→ **AIM OF THE TASK**
Please take the records that follow and repeat exactly the lines starting with the line with "18일 오전 (이하 한국시간)" and going on through the line with "These two sets".

→ **EXCERPTED RECORDS**

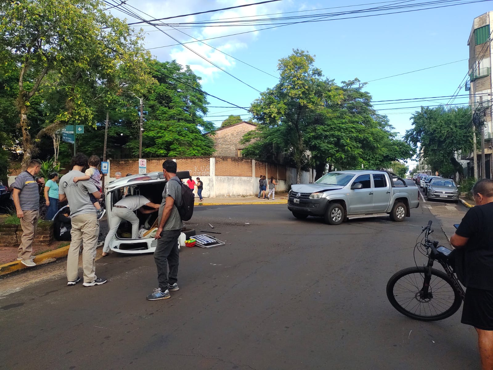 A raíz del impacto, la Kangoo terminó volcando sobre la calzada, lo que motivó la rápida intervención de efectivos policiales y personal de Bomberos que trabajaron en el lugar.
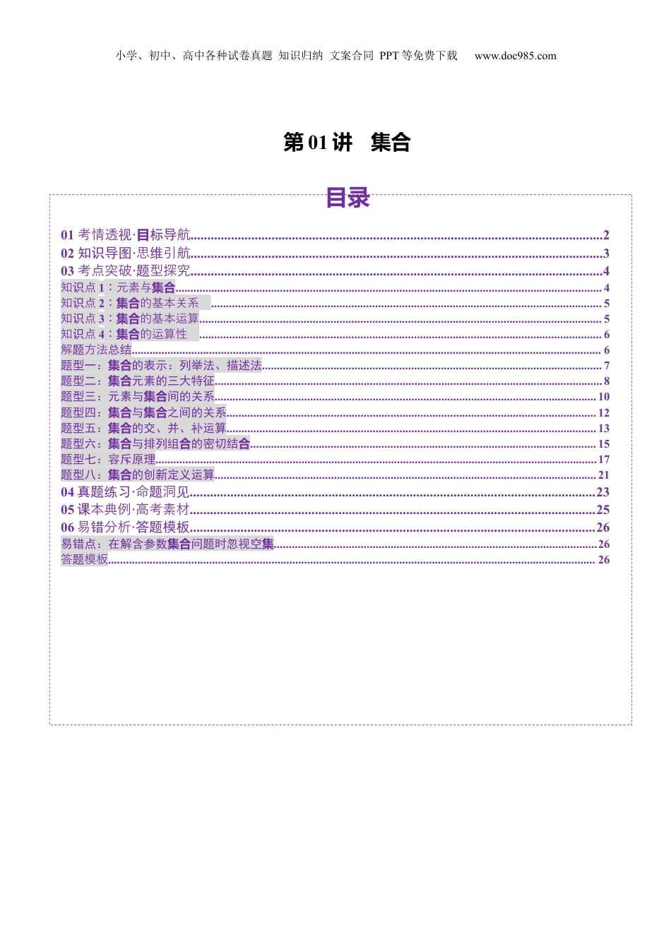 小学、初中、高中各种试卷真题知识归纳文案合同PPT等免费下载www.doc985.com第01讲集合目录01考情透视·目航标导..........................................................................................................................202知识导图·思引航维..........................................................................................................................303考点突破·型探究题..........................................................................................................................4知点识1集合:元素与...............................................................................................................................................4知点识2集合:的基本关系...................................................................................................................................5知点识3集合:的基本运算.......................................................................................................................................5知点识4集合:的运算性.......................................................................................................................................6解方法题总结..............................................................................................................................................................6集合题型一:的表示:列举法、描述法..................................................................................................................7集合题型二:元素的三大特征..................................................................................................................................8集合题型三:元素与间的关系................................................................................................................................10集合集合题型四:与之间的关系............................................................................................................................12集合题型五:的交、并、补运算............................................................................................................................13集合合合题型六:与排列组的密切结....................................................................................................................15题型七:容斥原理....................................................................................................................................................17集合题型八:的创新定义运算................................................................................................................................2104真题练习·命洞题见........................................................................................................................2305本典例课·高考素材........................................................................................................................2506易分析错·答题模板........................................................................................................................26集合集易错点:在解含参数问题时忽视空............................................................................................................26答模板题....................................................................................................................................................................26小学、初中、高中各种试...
--
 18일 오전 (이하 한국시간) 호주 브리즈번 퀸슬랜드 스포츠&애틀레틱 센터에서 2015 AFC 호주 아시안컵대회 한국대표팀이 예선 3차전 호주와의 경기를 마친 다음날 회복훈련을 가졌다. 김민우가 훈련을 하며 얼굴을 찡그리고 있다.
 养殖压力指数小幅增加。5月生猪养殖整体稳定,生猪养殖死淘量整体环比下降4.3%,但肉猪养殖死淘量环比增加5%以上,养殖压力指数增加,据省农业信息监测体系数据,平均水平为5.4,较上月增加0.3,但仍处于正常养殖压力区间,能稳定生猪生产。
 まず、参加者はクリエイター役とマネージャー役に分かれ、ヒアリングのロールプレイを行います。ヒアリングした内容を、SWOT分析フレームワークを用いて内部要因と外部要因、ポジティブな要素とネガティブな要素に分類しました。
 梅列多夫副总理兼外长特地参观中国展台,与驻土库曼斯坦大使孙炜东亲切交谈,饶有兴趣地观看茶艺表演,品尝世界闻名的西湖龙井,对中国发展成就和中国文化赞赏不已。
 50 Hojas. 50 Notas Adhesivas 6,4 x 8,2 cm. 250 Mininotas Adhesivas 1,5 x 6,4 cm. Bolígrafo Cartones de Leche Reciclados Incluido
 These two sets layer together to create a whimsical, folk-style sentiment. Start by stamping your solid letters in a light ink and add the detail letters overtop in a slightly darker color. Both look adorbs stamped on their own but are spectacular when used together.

→ **RESPONSE BELOW**
 18일 오전 (이하 한국시간) 호주 브리즈번 퀸슬랜드 스포츠&애틀레틱 센터에서 2015 AFC 호주 아시안컵대회 한국대표팀이 예선 3차전 호주와의 경기를 마친 다음날 회복훈련을 가졌다. 김민우가 훈련을 하며 얼굴을 찡그리고 있다.
 养殖压力指数小幅增加。5月生猪养殖整体稳定,生猪养殖死淘量整体环比下降4.3%,但肉猪养殖死淘量环比增加5%以上,养殖压力指数增加,据省农业信息监测体系数据,平均水平为5.4,较上月增加0.3,但仍处于正常养殖压力区间,能稳定生猪生产。
 まず、参加者はクリエイター役とマネージャー役に分かれ、ヒアリングのロールプレイを行います。ヒアリングした内容を、SWOT分析フレームワークを用いて内部要因と外部要因、ポジティブな要素とネガティブな要素に分類しました。
 梅列多夫副总理兼外长特地参观中国展台,与驻土库曼斯坦大使孙炜东亲切交谈,饶有兴趣地观看茶艺表演,品尝世界闻名的西湖龙井,对中国发展成就和中国文化赞赏不已。
 50 Hojas. 50 Notas Adhesivas 6,4 x 8,2 cm. 250 Mininotas Adhesivas 1,5 x 6,4 cm. Bolígrafo Cartones de Leche Reciclados Incluido
 These two sets layer together to create a whimsical, folk-style sentiment. Start by stamping your solid letters in a light ink and add the detail letters overtop in a slightly darker color. Both look adorbs stamped on their own but are spectacular when used together.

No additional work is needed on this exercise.